Positivity in Quantum Cluster Algebras and Flags of Valued Quiver Representations

TL;DR

This paper proves the positivity conjecture for adapted quantum cluster variables, provides explicit formulas for cluster monomials, and develops a method to decompose Grassmannians of subrepresentations in valued quiver representations.

Contribution

It offers a direct proof of positivity, explicit formulas for cluster monomials, and a general decomposition method for Grassmannians in valued quiver representations.

Findings

Positivity conjecture for adapted quantum cluster variables is proven.

Explicit formulas for all adapted cluster monomials are derived.

Decomposition of Grassmannians into products of standard vector space Grassmannians is achieved.

Abstract

In this paper we give a direct proof of the positivity conjecture for adapted quantum cluster variables.
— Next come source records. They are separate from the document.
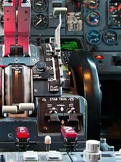 El ajuste del estabilizador libera al piloto de ejercer una fuerza constante sobre los controles de inclinación, ajustando el control de ajuste (a menudo en forma de rueda vertical) para cancelar las fuerzas de control para una determinada velocidad aerodinámica y distribución del peso.[8] Normalmente, cuando se gira esta rueda hacia arriba (o se levanta la palanca), la nariz del avión se inclina hacia abajo; al girarla hacia abajo (o presionar la palanca) baja el estabilizador de la cola y se eleva la nariz del avión.[7][8][10]
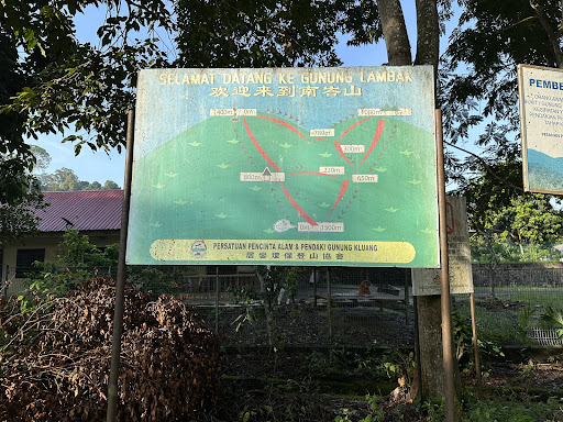 There's 2 route that you can take( not an expert here) , after walking straight you'll see a draw bridge , if you cross that you'll go up an easier path, if you don't take that and walk straight you'll have to climb up stairs . Than you'll meet at one part which a huge signboard which says gunung lambak. There you have again 2 options. The left route is faster but abit steep. There were ropes but I wasn't confident as it was raining so I tooth the right side which was longer but you'll be happy with the view. It took me 4 hours for a slow hike up and down, but alot of people I encountered said it took them 2 to 3 hours .
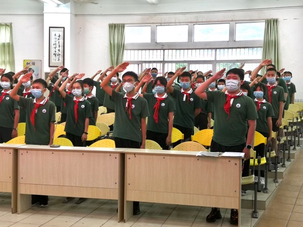 溫情的迎接禮后,各班班主任、副班主任早已面戴口罩、手拿測溫槍,在課室門口等待已久。必要的入班檢查后,學生們端正坐在熟悉的課室里,迎來了這場與以往有所不同的開學典禮。耳邊響起熟悉的國歌,隊員們整齊的敬禮,同學們在視頻里接受了譚瑞香校長的開學祝福,在班主任的組織下觀看了復學第一課視頻、學習了一日生活指南等,神采奕奕又充滿專注的雙眼里,寫滿了對課堂、對學習的渴望。

Moreover, our process allows one to explicitly compute formulas for all adapted cluster monomials and certain ordered products of adapted cluster monomials. In particular, we describe all cluster monomials in cluster algebras and quantum cluster algebras of rank 2. One may obtain similar formulas for all finite type cluster monomials. The above results are achieved by computing explicit set-theoretic decompositions of Grassmannians of subrepresentations in adapted valued quiver representations into a disjoint union of products of standard vector space Grassmannians. We actually prove a more general result which should be of independent interest: we compute these decompositions for arbitrary flags of subrepresentations in adapted valued quiver representations. This implies the existence of counting polynomials for the number of points in these sets over different finite fields. Using this we extend the results of \cite{rupel} to quantum cluster algebras $\Acal_q(Q,\bfd)$, where $q$ is an indeterminate.